There's also the question of how many findings to pre-specify. The temptation is to pre-specify everything the discovery process flags, which reproduces the multiplicity problem you were trying to solve. The right answer is to apply a credibility threshold – probably a combination of effect size and biological coherence – and pre-specify only the findings that clear it. This requires judgment, and it's better exercised before unblinding than after.

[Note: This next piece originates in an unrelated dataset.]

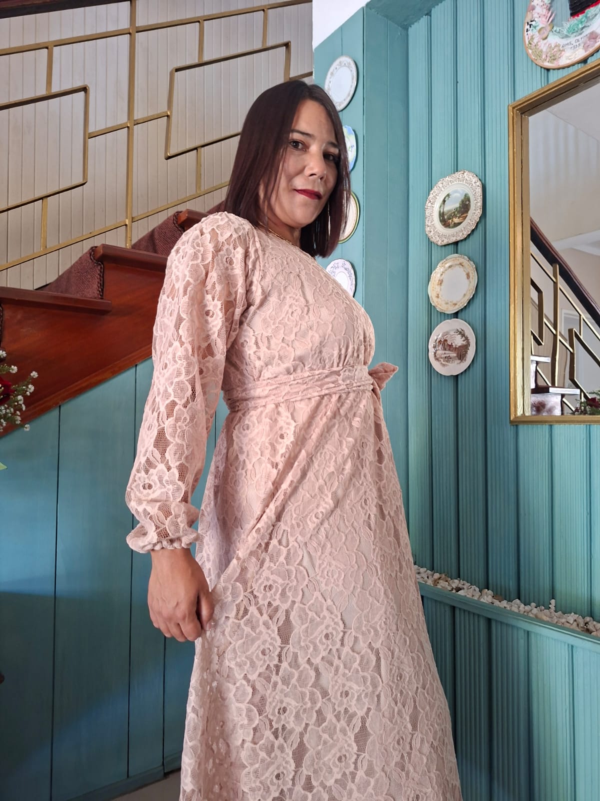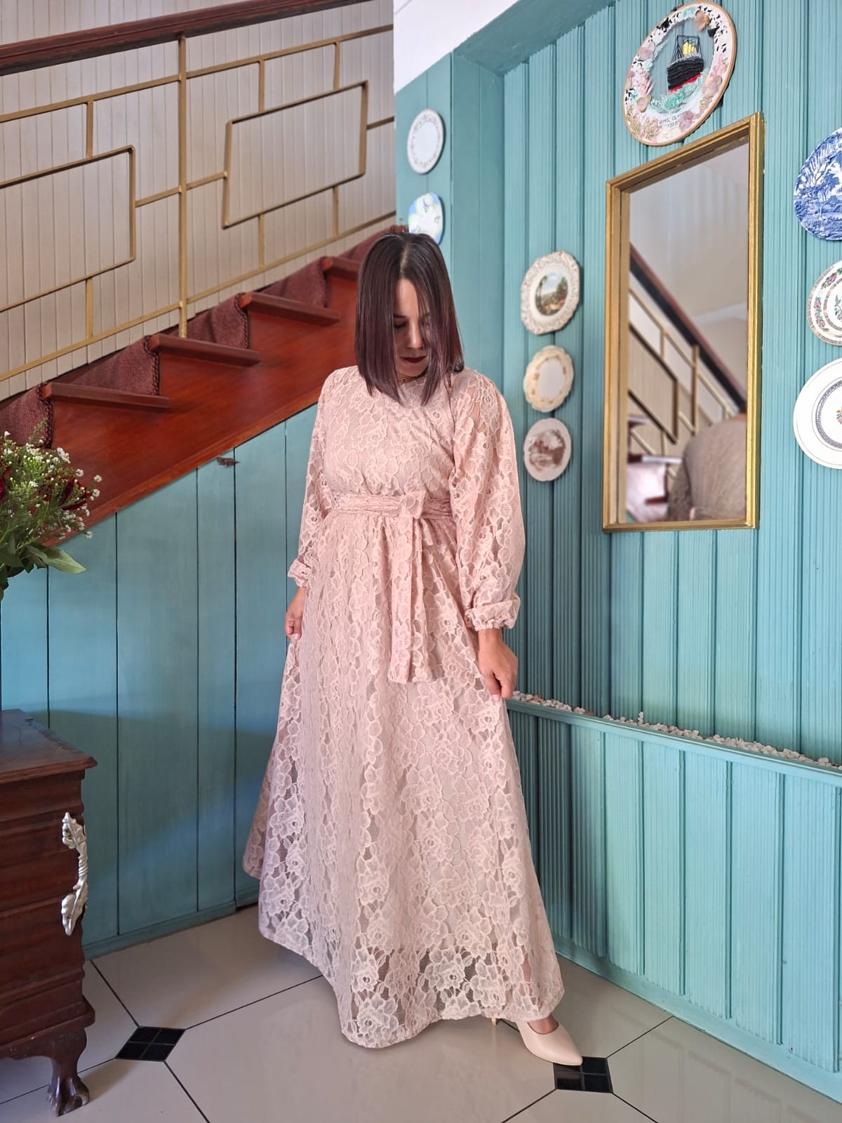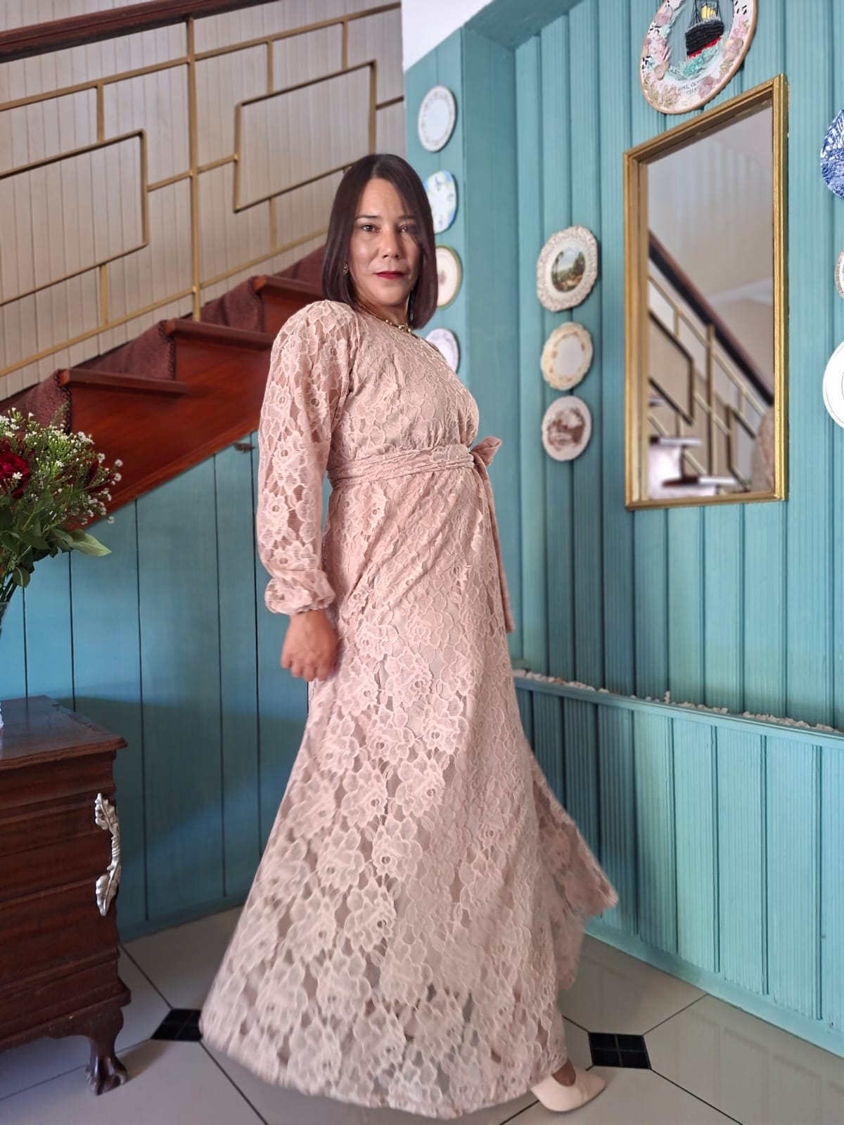 Beautiful beige lace Aline dress.

None of this replaces the primary analysis or the pre-specified secondary endpoints that define the trial's inferential architecture. It's a method for using available prior evidence more completely when designing the SAP.
Try it on your data
The Disco handles this workflow end-to-end. Upload your Phase I/II tabular data – treatment assignments, baseline characteristics, outcome measures – and the system will automatically search for interaction effects across the full feature space, surface interaction effects including three-way and higher-order combinations, and validate findings before you ever look at pivotal trial outcomes. The output is a structured report you can take directly into your statistical analysis design process.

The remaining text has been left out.